■ WHAT THIS TASK INVOLVES
Your output consists solely of the lines from the one that contains "2023级数学科学学院学科教" to the end of the material, each reproduced exactly; pictures do not belong in it.

*** INPUT DATA ***

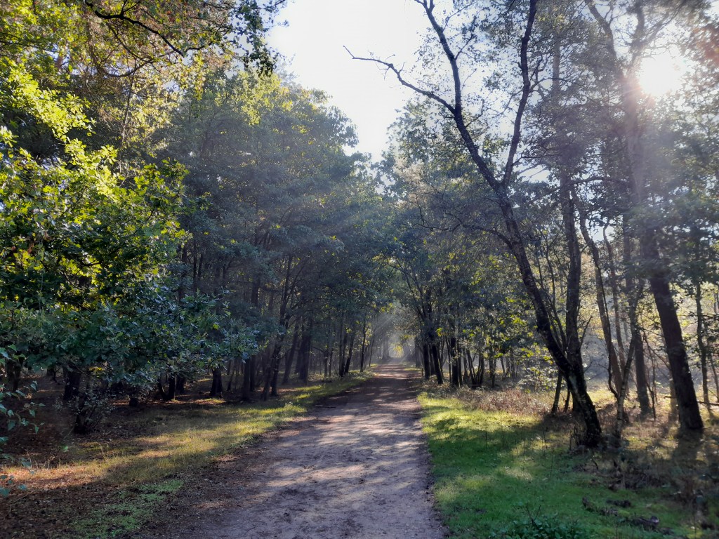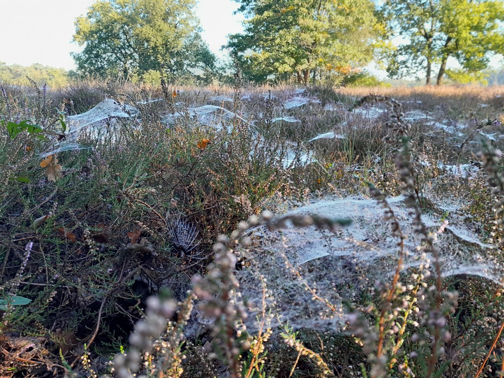 Na onpakken, maak ik een mooie herfstwandeling met een loopmaatje in het Herperduin. Wat is dit toch een prachtig jaargetijde. Overal hebben spinnen naarstig webben gesponnen over de heide die on bloei staat. De waterige ochtendzon breekt door het bladerdak en laat prachtige stralen zien in het vochtige herfstbos. Als je hoofd in de nek gooit, zijn daar de eerste geeltonen die op de bladeren staan. Diep insnuiven doet je glimlachen met herfst in de kop. Het is fris, herfstfris. Krijg spontaan zin om te rennen maar houd me in… morgen mag het. Vorm is een gevaarlijke staat van zijn, je holt je zo overdekop.
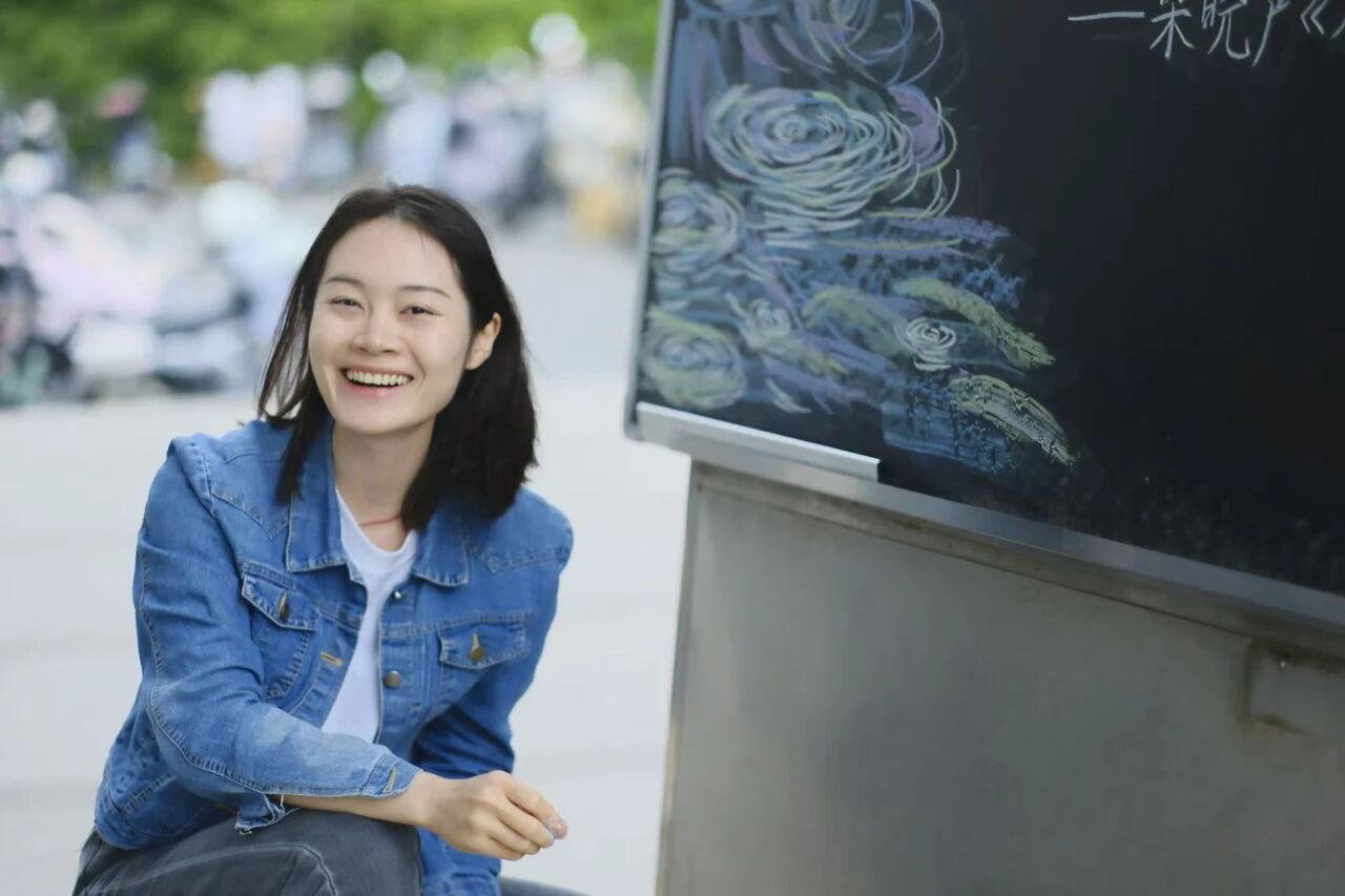 2023级数学科学学院学科教学(数学)专业的彭如意是团队的主力,毕业前她用心写下了最后一期小黑板的内容。初入校园时,她曾因学业与社交的压力陷入困境,是小黑板上的文字一次次给予她力量。一次偶然为同学创作锦鲤插画获得成功的经历,让她重拾自信并加入“板书侠”。她苦练粉笔字和叠色画法,作品广受好评。小黑板见证了她从怯懦到自信的蜕变:“它是我传递温暖的平台,更是自我成长的见证。”
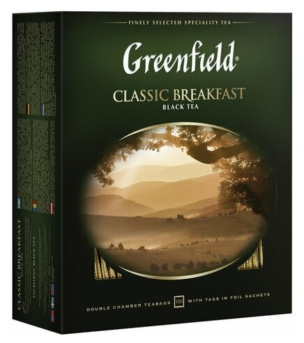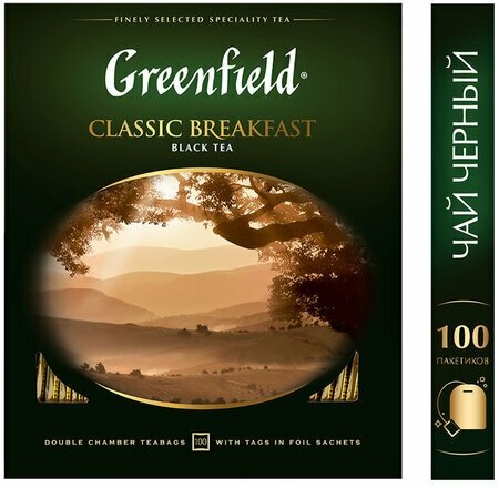 Комплект 3 шт, Чай GREENFIELD (Гринфилд) «Classic Breakfast», черный, 100 пакетиков в конвертах по 2 г, 0582: сравнение цен, характеристики, фото, актуальное наличие и цены.

*** End of INPUT DATA ***

■ EXERCISE RESPONSE
 2023级数学科学学院学科教学(数学)专业的彭如意是团队的主力,毕业前她用心写下了最后一期小黑板的内容。初入校园时,她曾因学业与社交的压力陷入困境,是小黑板上的文字一次次给予她力量。一次偶然为同学创作锦鲤插画获得成功的经历,让她重拾自信并加入“板书侠”。她苦练粉笔字和叠色画法,作品广受好评。小黑板见证了她从怯懦到自信的蜕变:“它是我传递温暖的平台,更是自我成长的见证。”
 Комплект 3 шт, Чай GREENFIELD (Гринфилд) «Classic Breakfast», черный, 100 пакетиков в конвертах по 2 г, 0582: сравнение цен, характеристики, фото, актуальное наличие и цены.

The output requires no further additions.